I'm studying about EM-algorithm and on one point in my reference the author is taking a derivative of a function with respect to a matrix. Could someone explain how does one take the derivative of a function with respect to a matrix…I don't understand the idea. For example, lets say we have a multidimensional Gaussian function:
$$f(\textbf{x}, \Sigma, \boldsymbol \mu) = \frac{1}{\sqrt{(2\pi)^k |\Sigma|}}\exp\left( -\frac{1}{2}(\textbf{x}-\boldsymbol \mu)^T\Sigma^{-1}(\textbf{x}-\boldsymbol \mu)\right),$$
where $\textbf{x} = (x_1, …, x_n)$, $\;\;x_i \in \mathbb R$, $\;\;\boldsymbol \mu = (\mu_1, …, \mu_n)$, $\;\;\mu_i \in \mathbb R$ and $\Sigma$ is the $n\times n$ covariance matrix.
How would one calculate $\displaystyle \frac{\partial f}{\partial \Sigma}$? What about $\displaystyle \frac{\partial f}{\partial \boldsymbol \mu}$ or $\displaystyle \frac{\partial f}{\partial \textbf{x}}$ (Aren't these two actually just special cases of the first one)?
Thnx for any help.

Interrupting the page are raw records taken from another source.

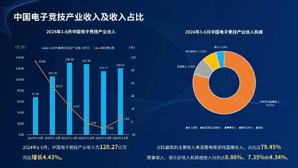 虽然《战至巅峰》IP看起来是稳步向上的,但电竞却不再像前几年那般“热”。据《2024年1-6月中国电子竞技产业报告》显示,今年上半年电竞产业实际销售收入同比增长4.43%,用户规模约4.9亿同比增长仅有0.52%,在收入构成方面电竞游戏直播占比最高达79.45%。也就是电竞市场规模趋于稳定,主要经济效益回归用户日常化的直播打赏。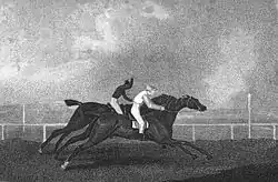 Hannibal ran twice in 1805. At the First Spring meeting in Newmarket in April, Hannibal finished third in the New Claret Stakes losing to Lord Darlington's colt Pavilion and Mr. Mellish's colt Sancho.[9] In the last start of his career on 26 July at Brighton, Hannibal participated in a match race against Mr. Mellish's colt Sancho.[10] The odds were 11 to 10 against Hannibal for the 1,000-guinea race. Sancho was ridden by Francis Buckle and quickly took the lead in the mile-long race, winning easily and was never challenged by Hannibal in the race.[11] The running was described as "a great betting race"[11] and an engraving of the match (right) was commissioned from a painting by John Nott Sartorius and published in Volume 28 of the Sporting Magazine.[12]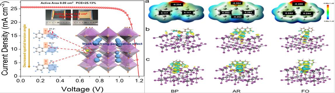 鉴于此,蒋晓庆副教授与洛桑联邦理工学院Michael Grätzel、中科院大连化物所郭鑫研究员等人合作,以今年会官方网站为第一通讯单位于Journal of the American Chemical Society刊发芳香酮的空间构象工程用于高效稳定的钙钛矿太阳能电池的研究成果[2]。研究表明,将芳香酮的空间扭转角从扭曲构型改变为平面构型,如二苯甲酮(BP,27.2°)、蒽酮(AR,15.3°)和9-芴酮(FO,0°)所示,导致显著增加了羰基周围的电子云密度,从而提高了铅基缺陷的钝化能力。因此,钙钛矿太阳能电池的性能也依赖于芳香酮的扭转角,基于FO的共面钙钛矿太阳能电池实现了25.13%的最高功率转换效率(PCE),并且在连续1个太阳光照明下的最大功率点(ISOS-L-1I)工作1000小时后仍保持其初始效率的92%。研究结果强调了分子构象对羰基钝化效果的影响,为芳香酮作为高效稳定钙钛矿太阳能电池钝化剂的设计和开发提供了更深入的见解。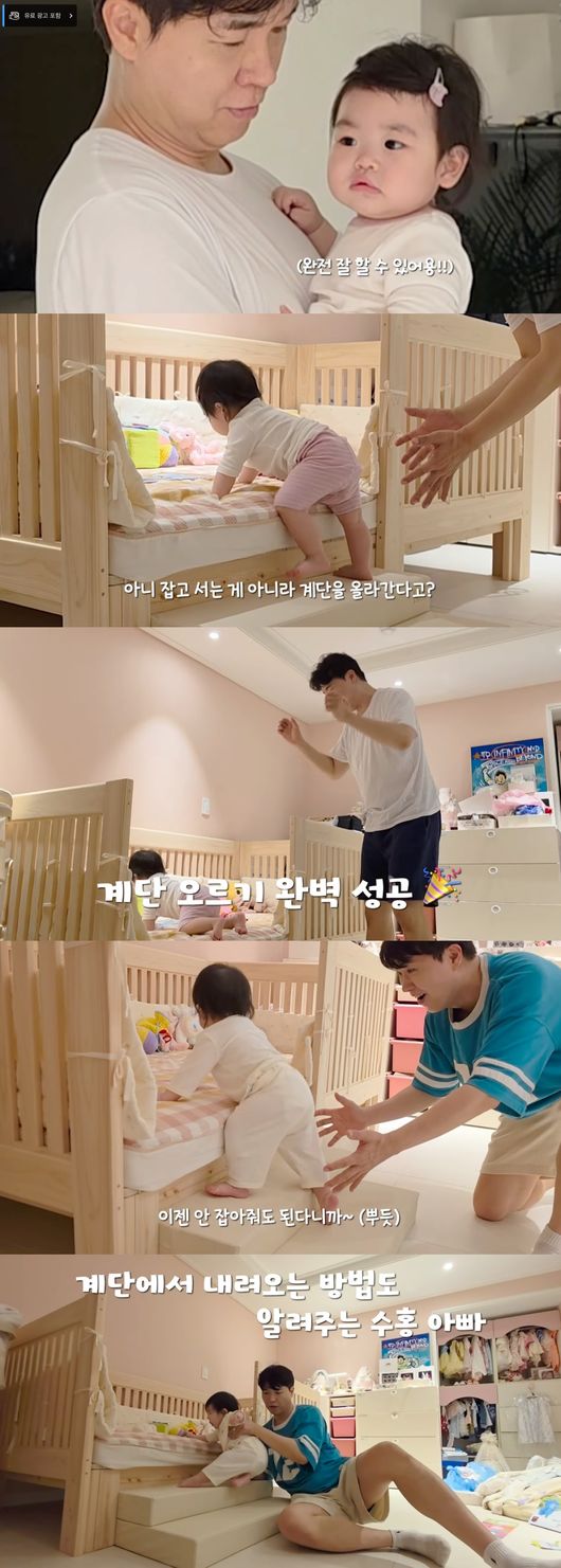 부쩍 자란 딸의 모습에 기쁨 만큼 걱정도 늘었다. 김다예는 "이제 한눈을 못 판다. 0.1초 사이에 사고 나겠다"라고 말했다. 이에 박수홍은 엉덩이를 내밀며 뒤로 침대 계단을 내려오는 방법을 알려주며 딸을 보호하려 해 훈훈함을 더했다.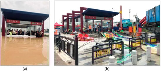Guanhu Metro Station during (a) and post (b) the flood. The photo (a) was taken on 22 May 2020, and sourced from Weibo, a public social media platform in China. The photo (b) was captured by the research team on 25 May 2020, when a rescue team was pumping flood water out from the metro station.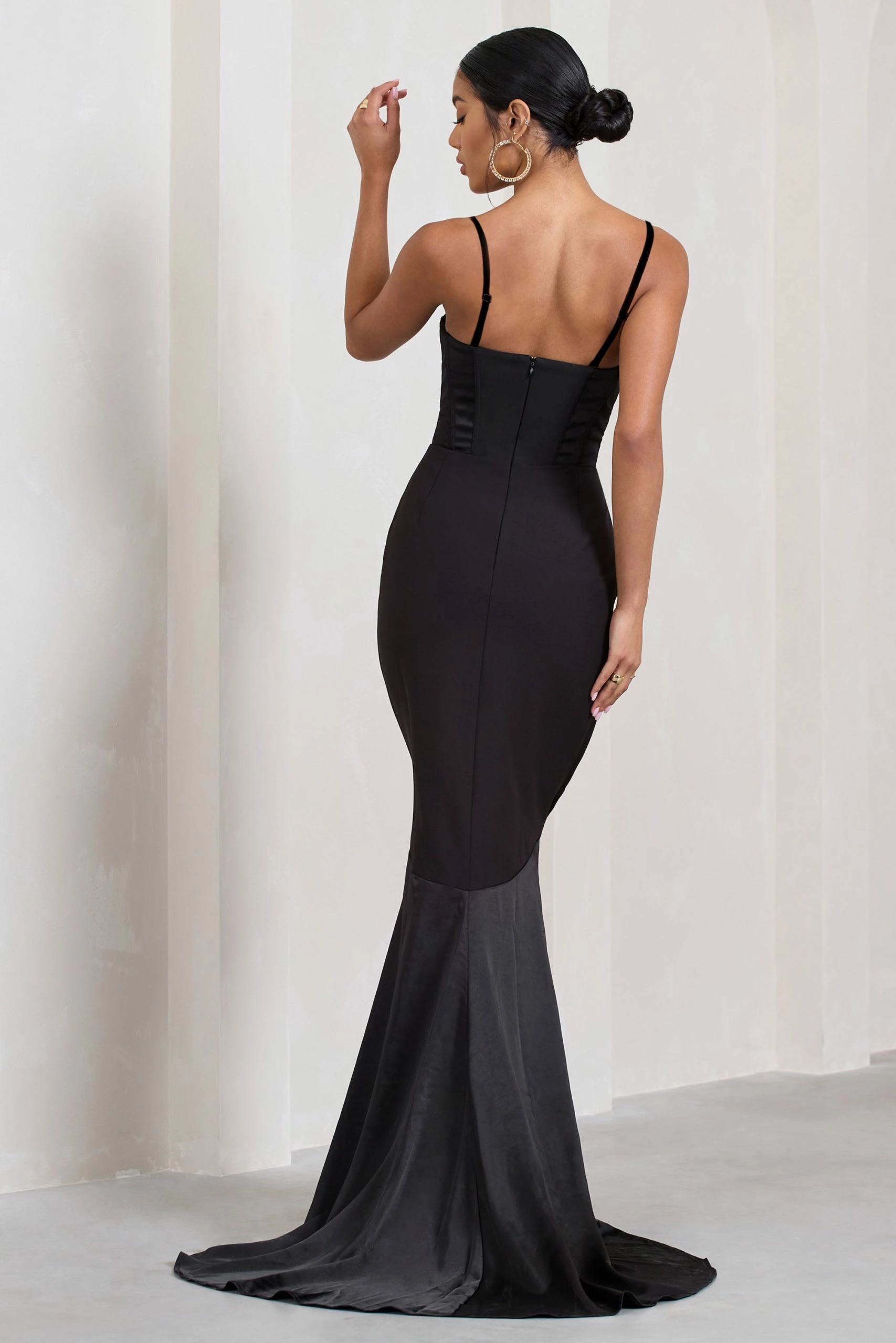 Our latest maxi dress Custom is perfect for any upcoming black tie event. Crafted in a classic black shade, this piece features a sweetheart corset bodice and removable straps that flows effortlessly into an elegant fishtail skirt.Â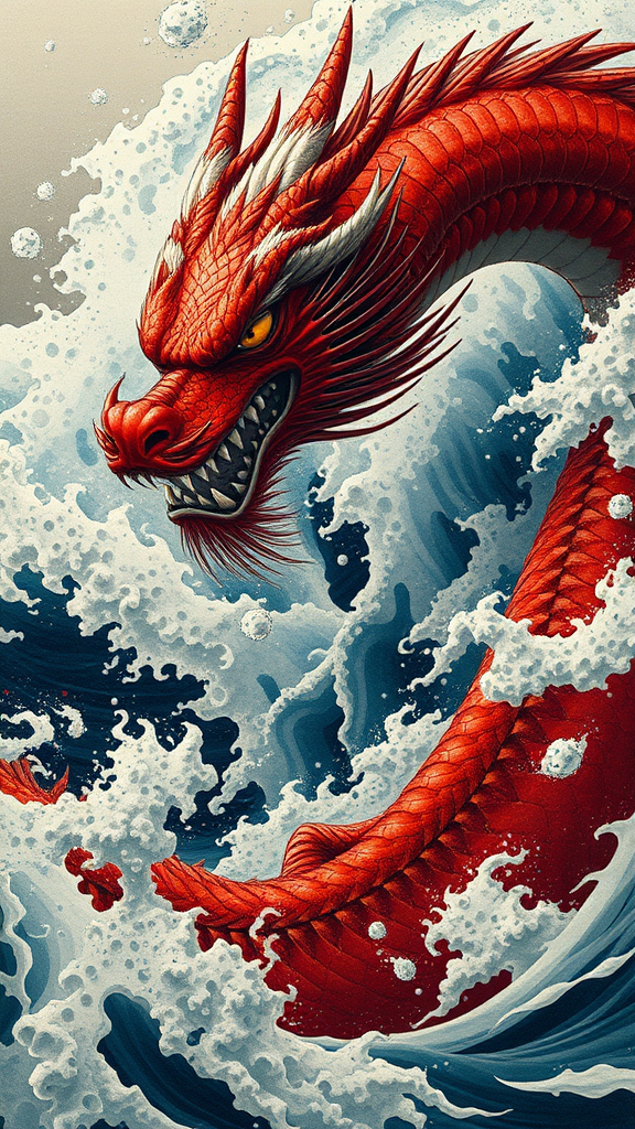 Red dragon surging through turbulent waves, capturing the essence of kōji morimoto’s dynamic touch and neo-traditional Japanese elegance. Influences from John Blanche’s dramatic flair merge with mural-like grandiosity, echoing Tyler Walpole's vivid intensity. The scene presents an up-close, intense focus, weaving an absurdist twist into the composition. The dragon's fierce eyes and intricate scales stand out amidst the swirling waters, embodying a timeless mythological presence.

If you're wondering where I got this question in my mind, I got it from reading this reference: (page 14)
http://ptgmedia.pearsoncmg.com/images/0131478249/samplechapter/0131478249_ch03.pdf
UPDATE:
I added the particular part from my reference here if someone is interested 🙂 I highlighted the parts where I got confused, namely the part where the author takes the derivative with respect to a matrix (the sigma in the picture is also a covariance matrix. The author is estimating the optimal parameters for Gaussian mixture model, by using the EM-algorithm):
$Q(\theta|\theta_n)\equiv E_Z\{\log p(Z,X|\theta)|X,\theta_n\}$
Best Answer
It's not the derivative with respect to a matrix really. It's the derivative of $f$ with respect to each element of a matrix and the result is a matrix.
Although the calculations are different, it is the same idea as a Jacobian matrix. Each entry is a derivative with respect to a different variable.
Same goes with $\frac{\partial f}{\partial \mu}$, it is a vector made of derivatives with respect to each element in $\mu$.
You could think of them as $$\bigg[\frac{\partial f}{\partial \Sigma}\bigg]_{i,j} = \frac{\partial f}{\partial \sigma^2_{i,j}} \qquad \text{and}\qquad \bigg[\frac{\partial f}{\partial \mu}\bigg]_i = \frac{\partial f}{\partial \mu_i}$$ where $\sigma^2_{i,j}$ is the $(i,j)$th covariance in $\Sigma$ and $\mu_i$ is the $i$th element of the mean vector $\mu$.